In "real life," you definitely can't multiply (ignoring dot and cross product) vectors of a different dimension (like you can't multiply a 2D geometric vector with a 3D one, the dimensions don't match up so it would have no meaning) - but you most definitely can multiply two different polynomials, like x and x^2 - just add the exponents to get x^3.
But by the laws of linear algebra, multiplying two vectors together is illegal for all vectors, whether they be geometric or polynomials. They can only be added together or multiplied by scalars. You can't multiply two columns of a matrix, for example. Just add them together in different proportions.

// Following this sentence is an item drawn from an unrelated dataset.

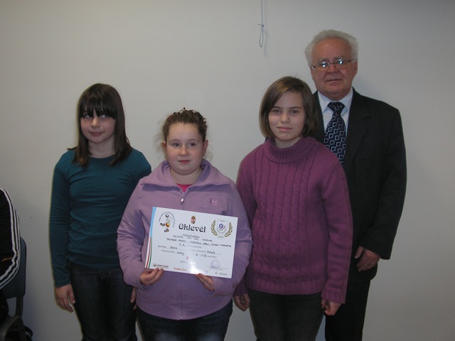 – 2. hely Szlovák Ált. Isk. 1. csapat/ Frankó Fanni, Huszárik Nelli, Oroszki Marietta/ A csapat 1 ponttal maradt le az első helyről.

Why the inconsistency? Is this just some artificial restriction imposed on polynomials to analyze them in a specific way, or is it a property of polynomials that I'm misunderstanding?
Either way, can you please explain why? Thanks.
You can map polynomials to vectors, e.g. $$ \phi : P_n[x] \to \mathbb{F}^{n+1} \\ \phi \left( \sum_{k=0}^n a_k x^k \right) = (a_0, \dotsc, a_n) $$ and do linear algebra with those vectors. (I identify the vectors of coordinates with the vectors for simplicity)
On the other hand you can do this with other, different objects as well, e.g. for linear cost functions $$ \Psi: (\mathbb{F}^{n+1})^* \to \mathbb{F}^{n+1} \\ \Psi(c^\top x) = \Psi \left( \sum_{k=1}^{n+1} c_k x_k \right) = (c_1, \dotsc, c_{n+1}) $$ This is abstraction at work, we leave out the details and just focus on the vector aspect here.
This does not mean that the original objects might not have additional features.
So a useful multiplication between polynomials to polynomials is such an additional feature that polynomials possess, but that not all other objects that can be mapped to vectors, like the cost functions above, or geometric vectors, share. This is not a bad thing.